Most operating systems, such as Unix and Windows, provide basic job scheduling capabilities, notably by at and batch, cron, and the Windows Task Scheduler. Web hosting services provide job scheduling capabilities through a control panel or a webcron solution. Many programs such as DBMS, backup, ERPs, and BPM also include relevant job-scheduling capabilities. Operating system ("OS") or point program supplied job-scheduling will not usually provide the ability to schedule beyond a single OS instance or outside the remit of the specific program. Organizations needing to automate unrelated IT workload may also leverage further advanced features from a job scheduler, such as:

real-time scheduling based on external, unpredictable events
automatic restart and recovery in event of failures
alerting and notification to operations personnel
generation of incident reports
audit trails for regulatory compliance purposes

These advanced capabilities can be written by in-house developers but are more often provided by suppliers who specialize in systems-management software.

Main concepts

There are many concepts that are central to almost every job scheduler implementation and that are widely recognized with minimal variations: Jobs, Dependencies, Job Streams, and Users.

Beyond the basic, single OS instance scheduling tools there are two major architectures that exist for Job Scheduling software.

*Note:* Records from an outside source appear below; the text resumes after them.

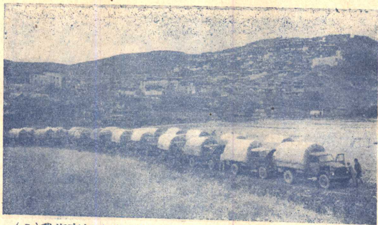
(5) 我汽車部隊爲了支援向西藏挺進的大軍，載運大批糧食及彈藥到達甘孜。(汽車後面即甘孜)
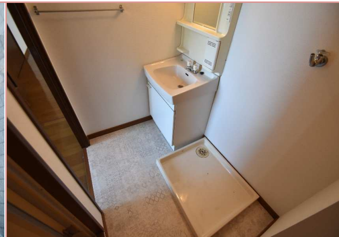
もはや必須の独立洗面台もございます😊 意識高め系の方、ココ！萌えポイントですよ！💧
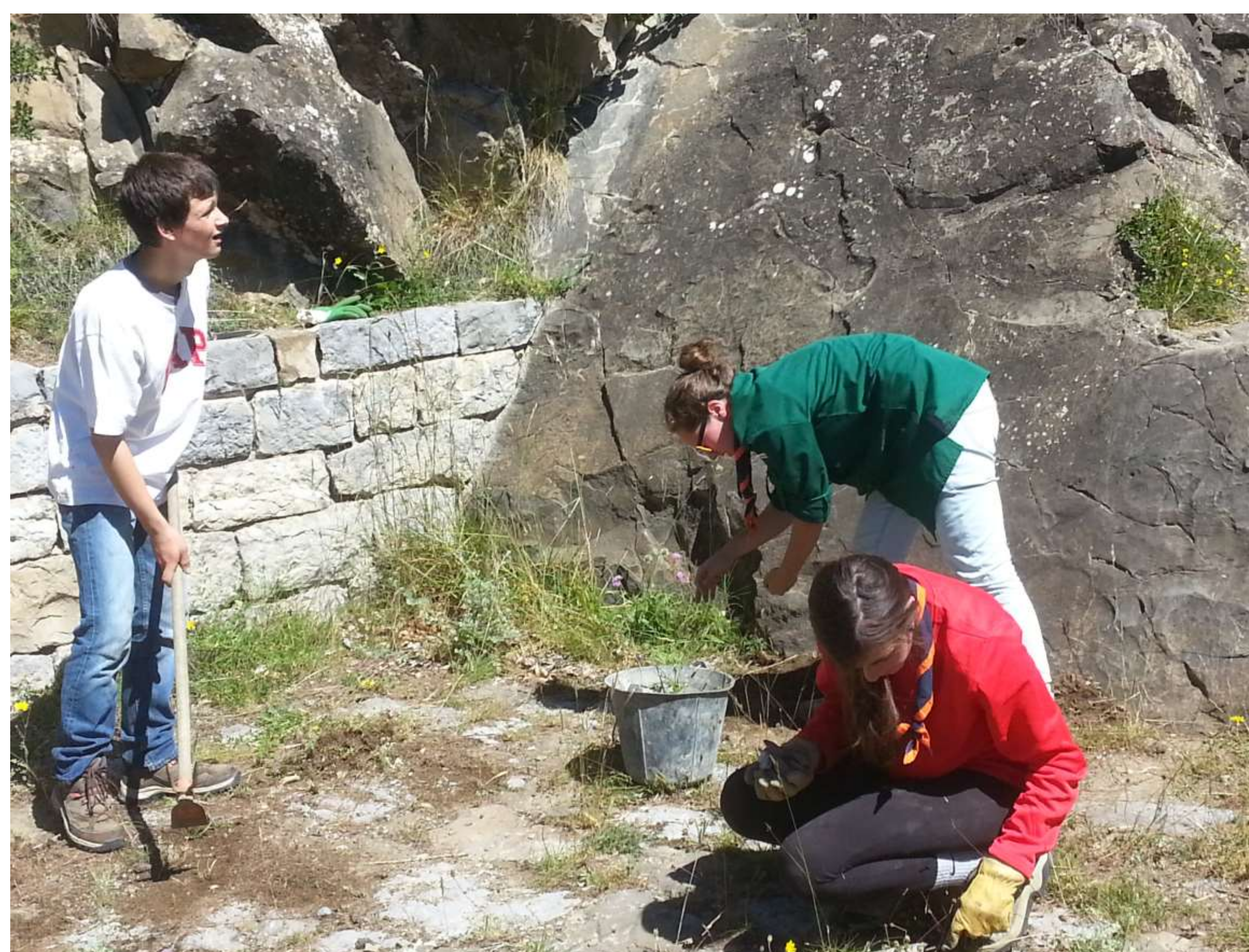
Élimination de reprises de végétation (martelière de l'Abeil).
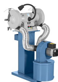
Abbildungen mit Schleifmaschine, nicht im Lieferumfang enthalten
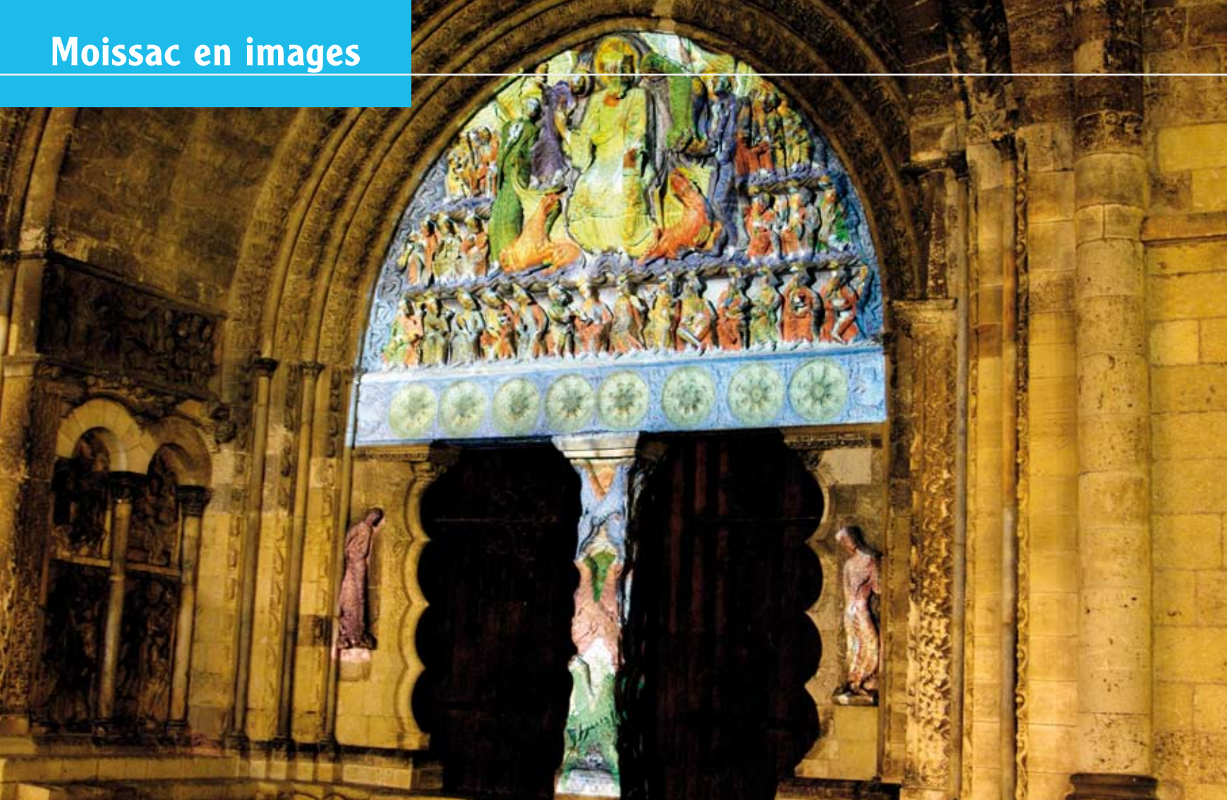
Illuminations du parvis de l'abbatiale du 14 juillet au 25 août.
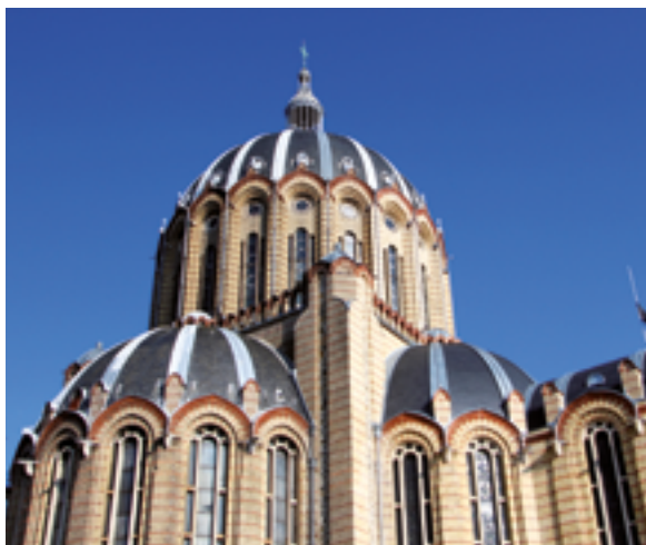
Dômes de la basilique

La tradition se poursuit jusqu'à aujourd'hui où l'on compte quatre cent deux reliquaires renfermant près de trois mille reliques de saints. Parmi celles-ci se distinguent plusieurs types de reliquaires : ceux imitant l'architecture d'une église ou la forme de la croix, ceux évoquant directement le saint et ceux symbolisant l'Ascension du saint sous la forme d'un ange.
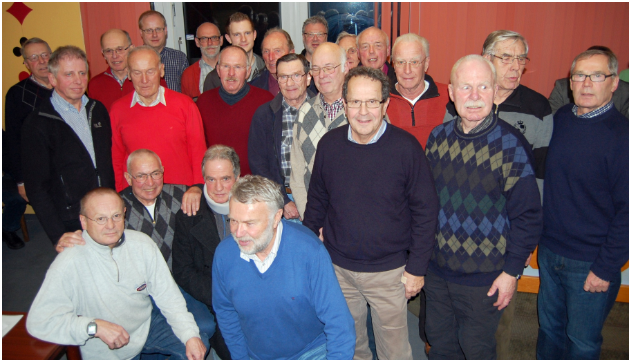
Die erfolgreichen Männer
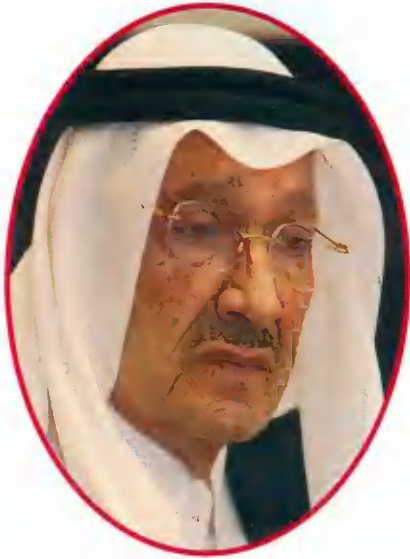
الأمير طلال بن عبد العزيز آل سعود
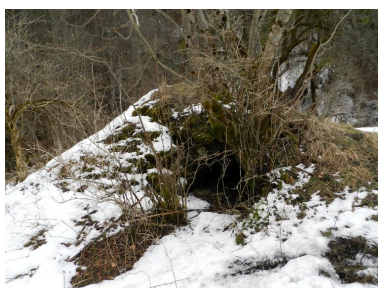
Vestiges de ce qui pourrait être un élément du haut-fourneau.
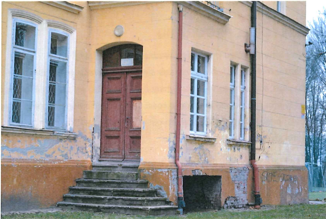
Rysunek 8: Pałac Feliksa Wężyka w Mroczeniu.

Master/Agent architecture — the historic architecture for Job Scheduling software. The Job Scheduling software is installed on a single machine (Master), while on production machines only a very small component (Agent) is installed that awaits commands from the Master, executes them, then returns the exit code back to the Master.
Cooperative architecture — a decentralized model where each machine is capable of helping with scheduling and can offload locally scheduled jobs to other cooperating machines. This enables dynamic workload balancing to maximize hardware resource utilization and high availability to ensure service delivery.

History

Job Scheduling has a long history. Job Schedulers have been one of the major components of IT infrastructure since the early mainframe systems. At first, stacks of punched cards were processed one after the other, hence the term "batch processing".

From a historical point of view, we can distinguish two main eras about Job Schedulers:

The mainframe era
- Job Control Language (JCL) on IBM mainframes. Initially based on JCL functionality to handle dependencies, this era is typified by the development of sophisticated scheduling solutions (such as Job Entry Subsystem 2/3) forming part of the systems management and automation toolset on the mainframe.
The open systems era
- Modern schedulers on a variety of architectures and operating systems. With standard scheduling tools limited to commands such as at and batch, the need for mainframe standard job schedulers has grown with the increased adoption of distributed computing environments.

In terms of the type of scheduling there are also distinct eras:

Batch processing - the traditional date and time based execution of background tasks based on a defined period during which resources were available for batch processing (the batch window). In effect the original mainframe approach transposed onto the open systems environment.
Event-driven process automation - where background processes cannot be simply run at a defined time, either because the nature of the business demands that workload is based on the occurrence of external events (such as the arrival of an order from a customer or a stock update from a store branch), or because there is no / insufficient batch window.
Service Oriented job scheduling - recent developments in Service Oriented Architecture (SOA) have seen a move towards deploying job scheduling as a reusable IT infrastructure service that can play a role in the integration of existing business application workload with new Web Services based real-time applications.

Scheduling

Various schemes are used to decide which particular job to run. Parameters that might be considered include:

Job priority
Computer resource availability
License key if job is using licensed software
Execution time allocated to user
Number of simultaneous jobs allowed for a user
Estimated execution time
Elapsed execution time
Availability of peripheral devices
Occurrence of prescribed events
Job dependency
File dependency
Operator prompt dependency

Related Research Articles

A mainframe computer, informally called a mainframe or big iron, is a computer used primarily by large organizations for critical applications like bulk data processing for tasks such as censuses, industry and consumer statistics, enterprise resource planning, and large-scale transaction processing. A mainframe computer is large but not as large as a supercomputer and has more processing power than some other classes of computers, such as minicomputers, servers, workstations, and personal computers. Most large-scale computer-system architectures were established in the 1960s, but they continue to evolve. Mainframe computers are often used as servers.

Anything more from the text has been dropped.